The energy associated with the sub\_circuit is then computed by taking a weighted sum of the energies associated with the various edges in the std representing the sub\_circuit, in accordance with

$$energy = \sum_{j=0}^{\# of \ edges \ -1} W_j * EA_j.$$
(30)

#### **3.4** Computation of output signal parameters

The final step in the hierarchical approach to power estimation is concerned with the computation of the signal parameters at the output of the sub-circuits. This is best illustrated with the help of a simple example. Consider two NOR gates connected in cascade as shown in Fig. 7. Let  $x_1(n)$  and



Figure 7: Two NOR gates connected in cascade

 $x_2(n)$  represent, respectively, the binary values of the input signals  $x_1$  and  $x_2$  between time instances n and n+1. Then, from (10) one can compute the values of the signal  $x_3$  for all  $N \times S$  time-slots. Therefore, once  $x_3(n)$ , and  $x_4(n)$  are well-defined for all time-slots, the signal characteristics for the second NOR gate can be computed. To compute the energy of the second NOR gate using (30), we use the  $W_j$ values calculated previously for the first NOR gate and the new  $EA_j$  values obtained for the second NOR gate.
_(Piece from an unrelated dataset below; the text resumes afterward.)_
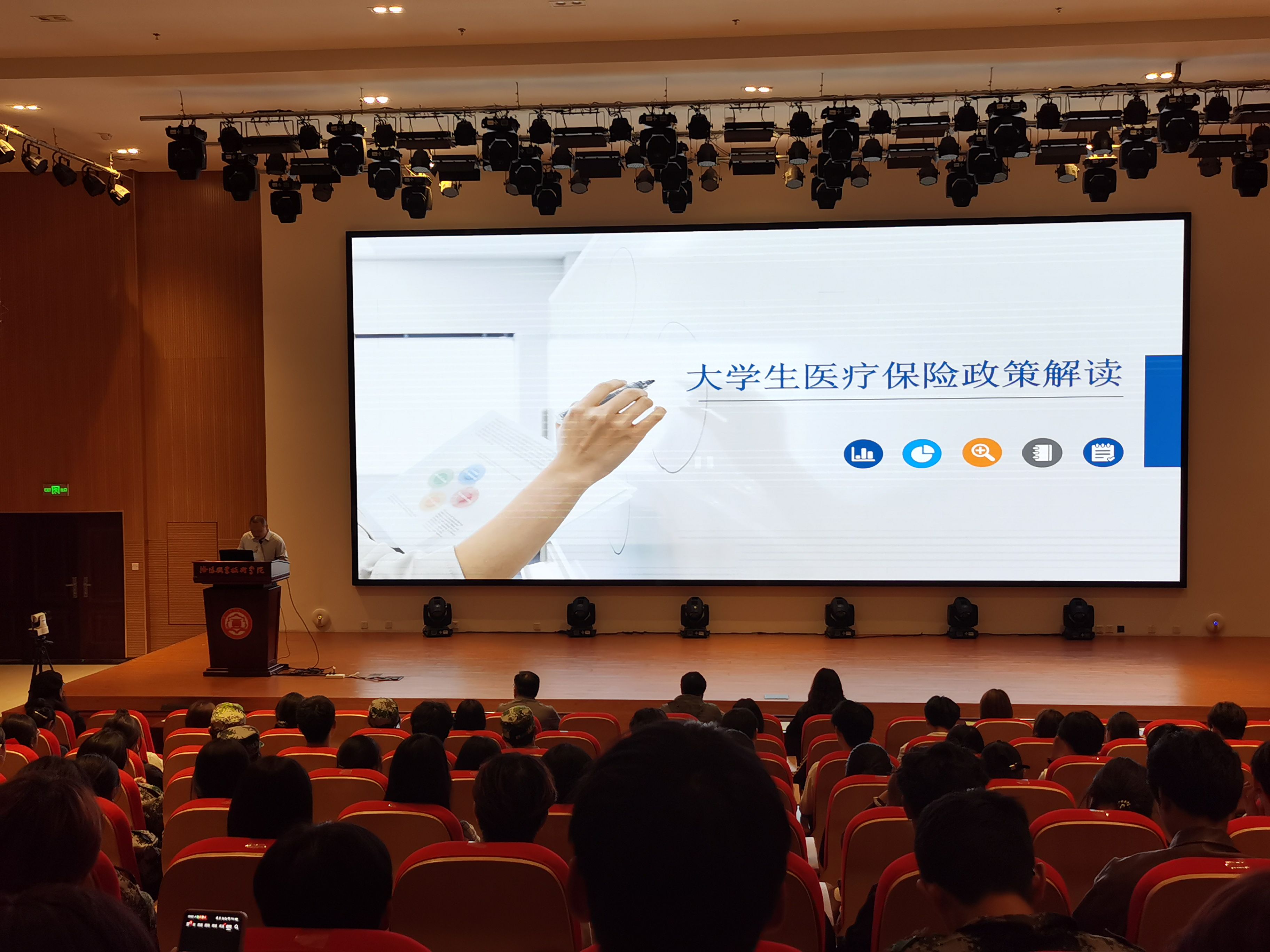 为切实做好大学生医保政策宣传与服务工作,9月24日,校医院在大学生活动中心一楼学术报告厅举行大学生医保政策专题宣讲活动。

The above method is easily generalized to multipliers (dividers) which are designed using type-0 or type-1 adders cascaded in a specific manner.

### **4** EXPERIMENTAL RESULTS

A CAD tool called *HEAT* (*Hierarchical energy analysis tool*) has been developed based on the proposed approach. The tool has been developed mainly using C, though it has interfaces with both MATLAB and SPICE. All the experiments

were performed on s SUN SPARC 20 workstation, by generating random values (with probability 0.5) for the input signals. The results thus obtained are presented in Tables 1 and 2.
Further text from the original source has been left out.